[Source data]
==================================================

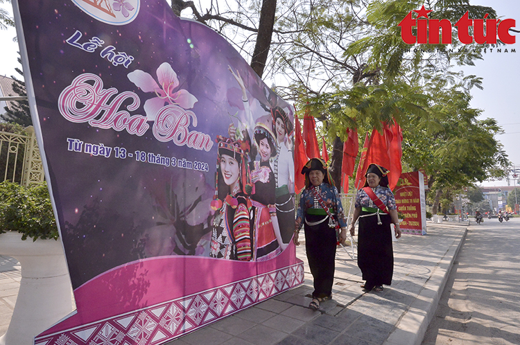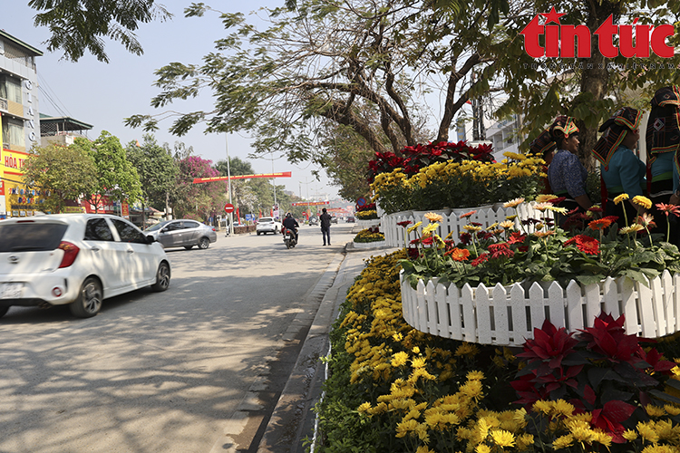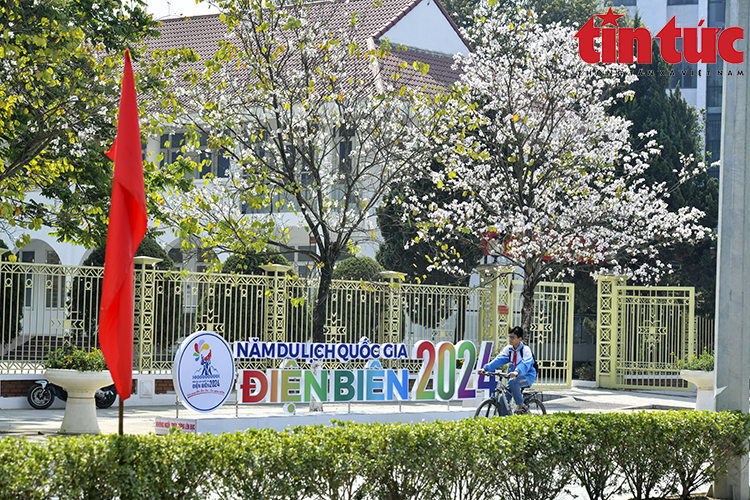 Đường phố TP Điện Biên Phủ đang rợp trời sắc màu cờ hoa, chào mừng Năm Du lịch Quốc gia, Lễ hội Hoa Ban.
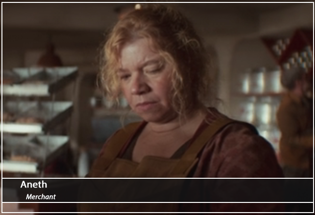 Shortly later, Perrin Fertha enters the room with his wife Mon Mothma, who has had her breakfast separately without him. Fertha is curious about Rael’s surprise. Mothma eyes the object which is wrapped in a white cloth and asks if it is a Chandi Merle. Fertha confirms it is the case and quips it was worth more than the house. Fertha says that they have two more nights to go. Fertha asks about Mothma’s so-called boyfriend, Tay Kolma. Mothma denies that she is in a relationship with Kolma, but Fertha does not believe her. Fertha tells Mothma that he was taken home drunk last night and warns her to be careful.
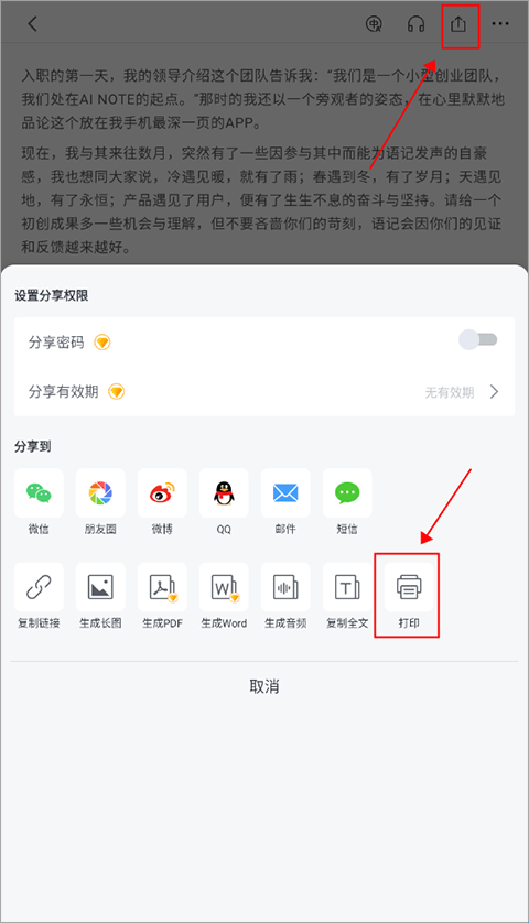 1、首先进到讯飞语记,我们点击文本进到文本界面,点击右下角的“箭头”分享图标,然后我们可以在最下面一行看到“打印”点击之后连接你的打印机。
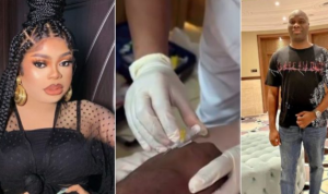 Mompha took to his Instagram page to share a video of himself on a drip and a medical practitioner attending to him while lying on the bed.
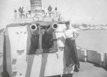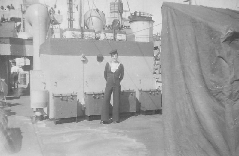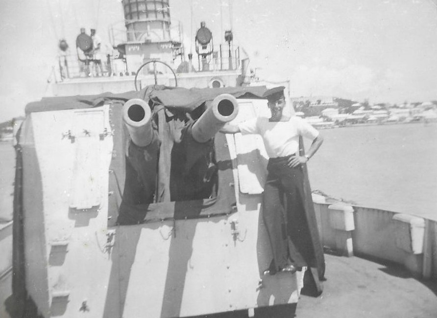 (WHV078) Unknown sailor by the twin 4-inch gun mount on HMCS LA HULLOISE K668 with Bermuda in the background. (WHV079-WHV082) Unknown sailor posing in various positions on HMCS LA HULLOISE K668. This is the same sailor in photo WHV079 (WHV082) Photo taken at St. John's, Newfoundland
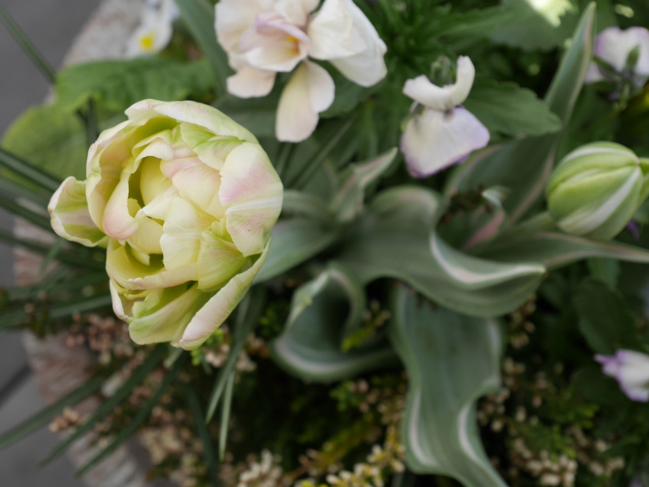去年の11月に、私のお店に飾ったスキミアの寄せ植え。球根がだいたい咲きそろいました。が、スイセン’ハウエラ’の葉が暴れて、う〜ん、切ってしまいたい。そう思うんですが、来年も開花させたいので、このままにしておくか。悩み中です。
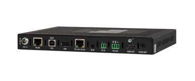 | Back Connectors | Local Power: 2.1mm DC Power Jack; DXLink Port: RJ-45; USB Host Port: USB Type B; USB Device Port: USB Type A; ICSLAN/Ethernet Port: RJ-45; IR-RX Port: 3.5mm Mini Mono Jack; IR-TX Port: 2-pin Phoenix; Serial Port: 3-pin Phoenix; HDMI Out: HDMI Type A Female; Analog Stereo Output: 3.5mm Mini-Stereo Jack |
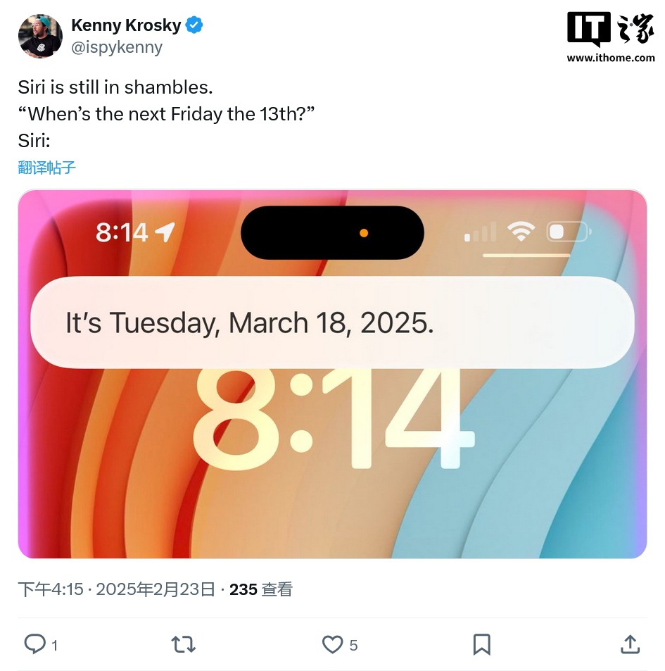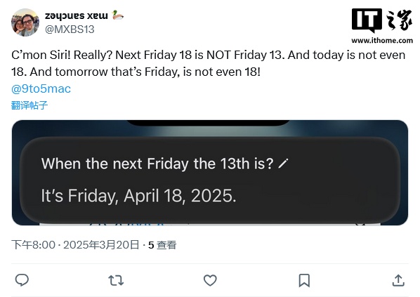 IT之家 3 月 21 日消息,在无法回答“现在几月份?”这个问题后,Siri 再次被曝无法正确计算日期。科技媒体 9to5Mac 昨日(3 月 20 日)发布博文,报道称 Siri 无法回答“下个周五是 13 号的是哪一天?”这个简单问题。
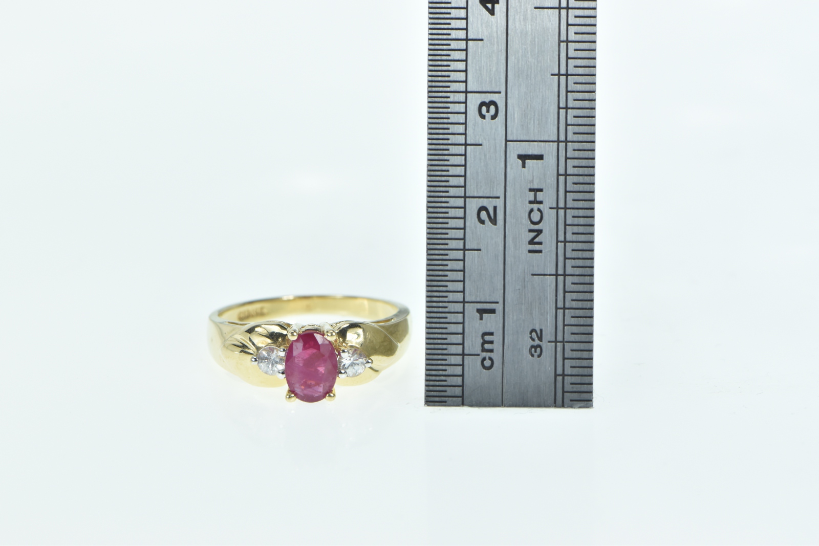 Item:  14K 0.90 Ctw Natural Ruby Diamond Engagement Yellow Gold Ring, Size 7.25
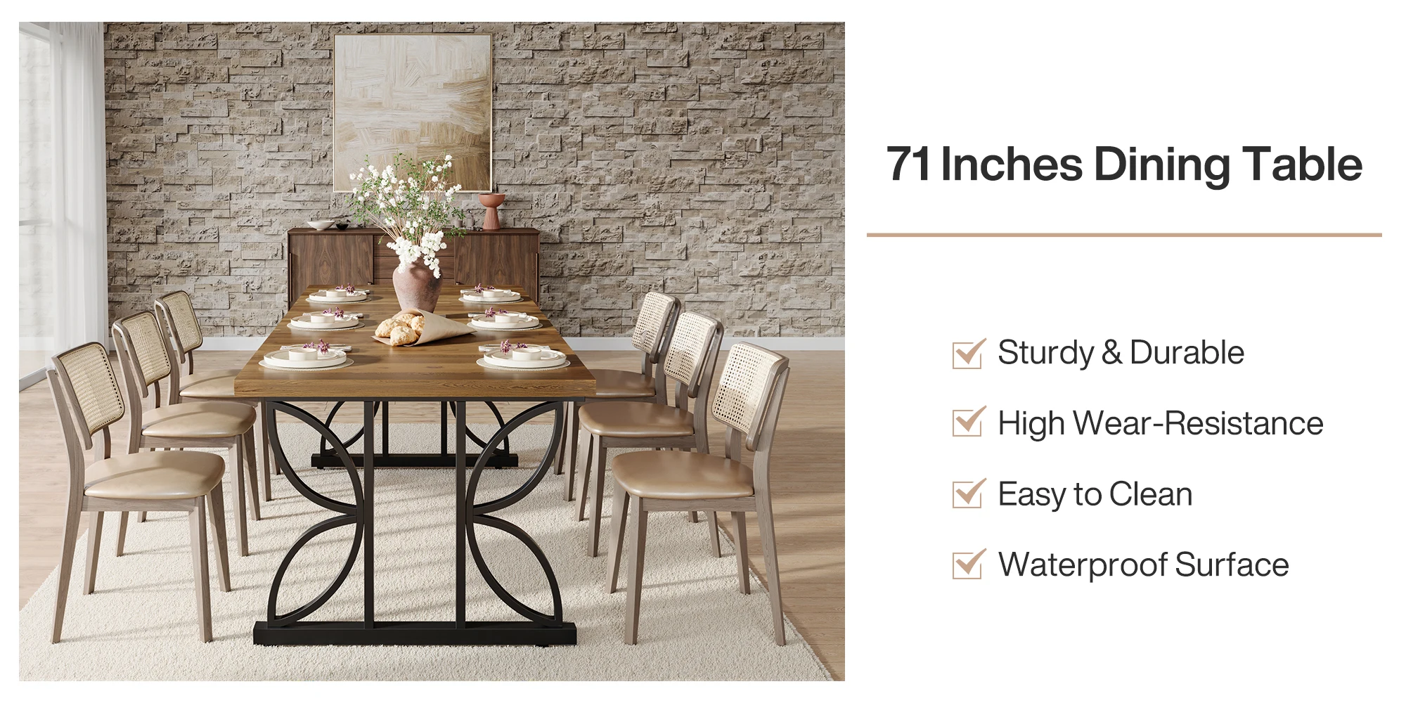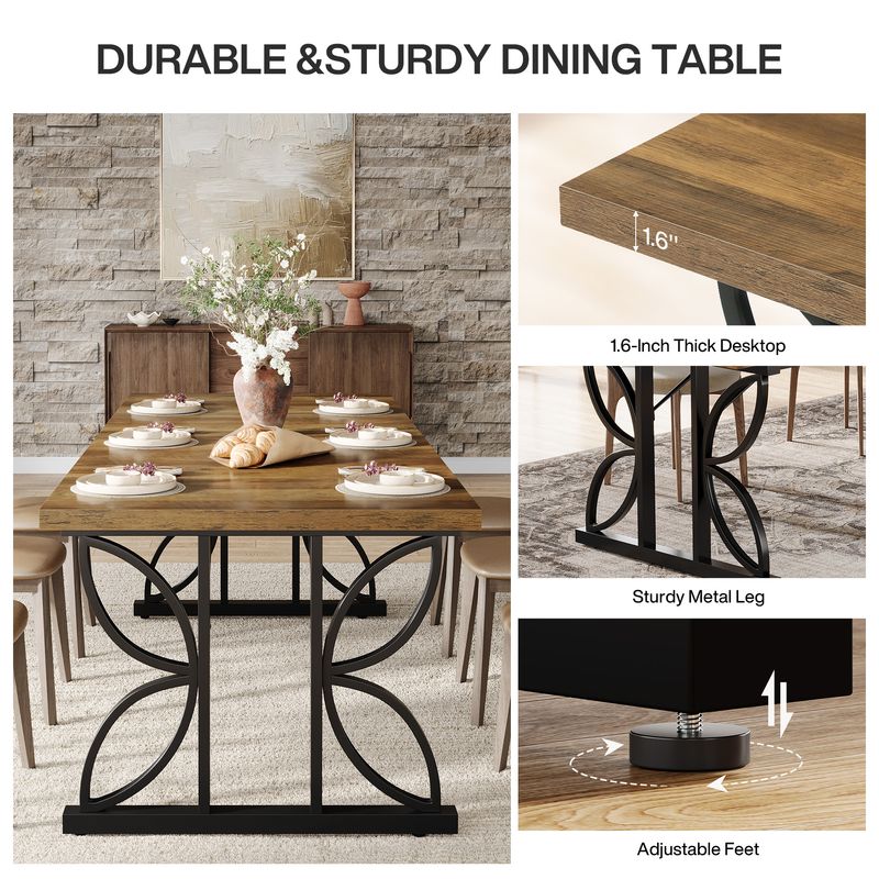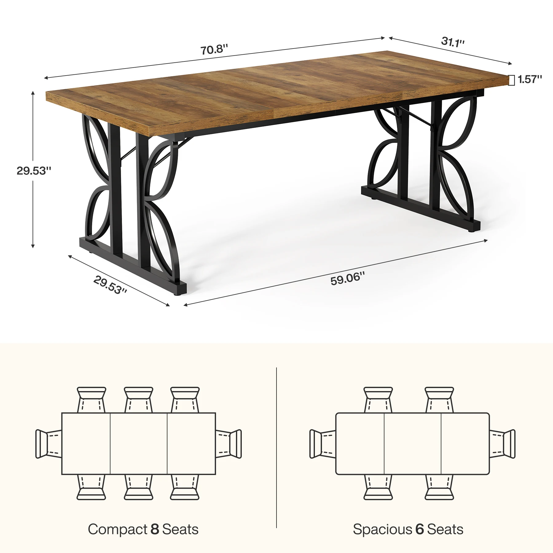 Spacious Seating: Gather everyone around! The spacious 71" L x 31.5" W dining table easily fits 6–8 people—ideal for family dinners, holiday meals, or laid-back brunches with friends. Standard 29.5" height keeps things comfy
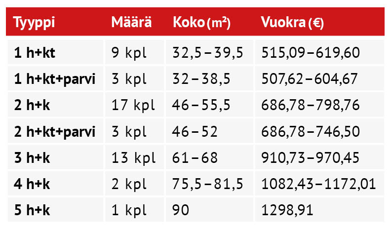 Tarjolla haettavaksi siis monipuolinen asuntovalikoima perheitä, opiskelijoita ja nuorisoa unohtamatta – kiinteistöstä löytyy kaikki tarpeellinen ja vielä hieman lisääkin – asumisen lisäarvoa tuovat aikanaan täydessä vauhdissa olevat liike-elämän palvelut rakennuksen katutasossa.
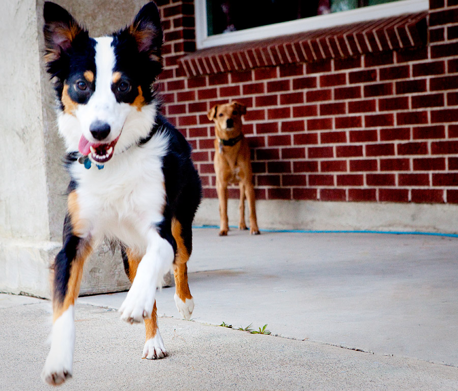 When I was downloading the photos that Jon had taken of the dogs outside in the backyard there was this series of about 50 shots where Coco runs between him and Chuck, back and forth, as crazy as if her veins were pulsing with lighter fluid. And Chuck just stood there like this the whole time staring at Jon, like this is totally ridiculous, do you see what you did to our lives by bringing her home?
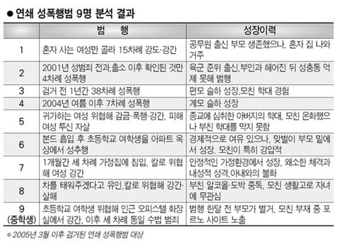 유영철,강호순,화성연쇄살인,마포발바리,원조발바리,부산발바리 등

==================================================

_WORK TO COMPLETE_. Set down every entry above exactly as written. Leave out all pictures.

_RESPONSE_.
 Đường phố TP Điện Biên Phủ đang rợp trời sắc màu cờ hoa, chào mừng Năm Du lịch Quốc gia, Lễ hội Hoa Ban.
 Shortly later, Perrin Fertha enters the room with his wife Mon Mothma, who has had her breakfast separately without him. Fertha is curious about Rael’s surprise. Mothma eyes the object which is wrapped in a white cloth and asks if it is a Chandi Merle. Fertha confirms it is the case and quips it was worth more than the house. Fertha says that they have two more nights to go. Fertha asks about Mothma’s so-called boyfriend, Tay Kolma. Mothma denies that she is in a relationship with Kolma, but Fertha does not believe her. Fertha tells Mothma that he was taken home drunk last night and warns her to be careful.
 1、首先进到讯飞语记,我们点击文本进到文本界面,点击右下角的“箭头”分享图标,然后我们可以在最下面一行看到“打印”点击之后连接你的打印机。
 Mompha took to his Instagram page to share a video of himself on a drip and a medical practitioner attending to him while lying on the bed.
 (WHV078) Unknown sailor by the twin 4-inch gun mount on HMCS LA HULLOISE K668 with Bermuda in the background. (WHV079-WHV082) Unknown sailor posing in various positions on HMCS LA HULLOISE K668. This is the same sailor in photo WHV079 (WHV082) Photo taken at St. John's, Newfoundland
去年の11月に、私のお店に飾ったスキミアの寄せ植え。球根がだいたい咲きそろいました。が、スイセン’ハウエラ’の葉が暴れて、う〜ん、切ってしまいたい。そう思うんですが、来年も開花させたいので、このままにしておくか。悩み中です。
 | Back Connectors | Local Power: 2.1mm DC Power Jack; DXLink Port: RJ-45; USB Host Port: USB Type B; USB Device Port: USB Type A; ICSLAN/Ethernet Port: RJ-45; IR-RX Port: 3.5mm Mini Mono Jack; IR-TX Port: 2-pin Phoenix; Serial Port: 3-pin Phoenix; HDMI Out: HDMI Type A Female; Analog Stereo Output: 3.5mm Mini-Stereo Jack |
 IT之家 3 月 21 日消息,在无法回答“现在几月份?”这个问题后,Siri 再次被曝无法正确计算日期。科技媒体 9to5Mac 昨日(3 月 20 日)发布博文,报道称 Siri 无法回答“下个周五是 13 号的是哪一天?”这个简单问题。
 Item:  14K 0.90 Ctw Natural Ruby Diamond Engagement Yellow Gold Ring, Size 7.25
 Spacious Seating: Gather everyone around! The spacious 71" L x 31.5" W dining table easily fits 6–8 people—ideal for family dinners, holiday meals, or laid-back brunches with friends. Standard 29.5" height keeps things comfy
 Tarjolla haettavaksi siis monipuolinen asuntovalikoima perheitä, opiskelijoita ja nuorisoa unohtamatta – kiinteistöstä löytyy kaikki tarpeellinen ja vielä hieman lisääkin – asumisen lisäarvoa tuovat aikanaan täydessä vauhdissa olevat liike-elämän palvelut rakennuksen katutasossa.
 When I was downloading the photos that Jon had taken of the dogs outside in the backyard there was this series of about 50 shots where Coco runs between him and Chuck, back and forth, as crazy as if her veins were pulsing with lighter fluid. And Chuck just stood there like this the whole time staring at Jon, like this is totally ridiculous, do you see what you did to our lives by bringing her home?
 유영철,강호순,화성연쇄살인,마포발바리,원조발바리,부산발바리 등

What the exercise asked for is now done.